# looking for lease or club



## ellaville hunter (Oct 20, 2013)

looking for some land 50 to 100 ac or a club for me and my son this year in schley sumter webster co. please let me know of anything


----------



## ellaville hunter (Jan 1, 2014)

For 2014?


----------



## ellaville hunter (Aug 19, 2014)

Again


----------



## dmorrison1207 (Aug 23, 2014)

i have 96 acres in washington co.


----------



## ellaville hunter (May 19, 2015)

It is that time again. Anything??


----------



## ellaville hunter (May 20, 2015)

Bump


----------



## ellaville hunter (May 26, 2015)

Last one


----------



## ellaville hunter (May 29, 2015)

Bump


----------



## ellaville hunter (Jul 20, 2015)

Again


----------



## ellaville hunter (Aug 4, 2015)

Anything


----------



## Toney Graham (Aug 5, 2015)

I have a small lease in Randolph County.Loaded with good deer and turkey . Looking for one member to share lease with.

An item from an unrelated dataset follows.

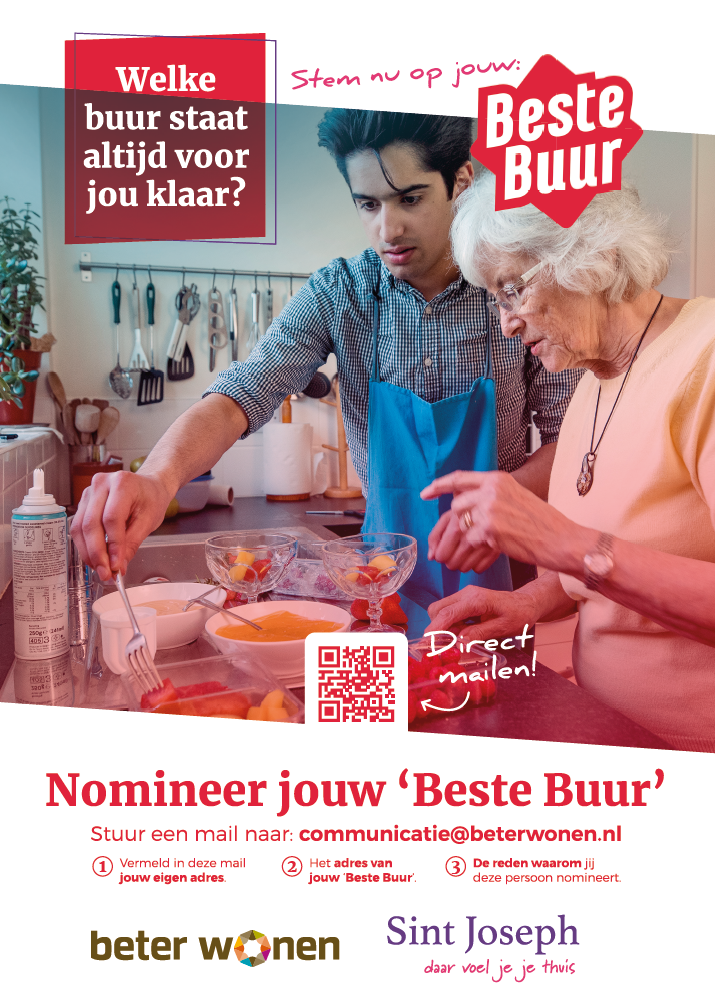 Ook dit jaar, voor de zevende keer op rij, zetten Sint Joseph en Beter Wonen de Beste Buur in de schijnwerpers. Deze titel is bedoeld om de stille krachten in onze buurten en wijken te eren: diegenen die altijd klaarstaan voor anderen. Huurders van Sint Joseph of Beter Wonen kunnen hun Beste Buur gedurende de maanden juli en augustus nomineren. Alle genomineerden krijgen een bezoekje op Nationale Burendag, zaterdag 28 september.

I also hunt with young son and would prefer someone that does the same.Land is all woods with water and is surrounded by several acres of woods.Between son and I killed 4 bucks all with 4points on one side last year.if interested call me at 229-449-2149


----------



## ellaville hunter (Aug 7, 2015)

I wish it was closer i would be in. Thanks for asking


----------



## ellaville hunter (Aug 10, 2015)

One more try


----------



## Postalbear (Nov 18, 2015)

*looking to lease this coming hunting season*



dmorrison1207 said:


> i have 96 acres in washington co.


 do you still have the 96 AC for lease and how much is the yearly lease


----------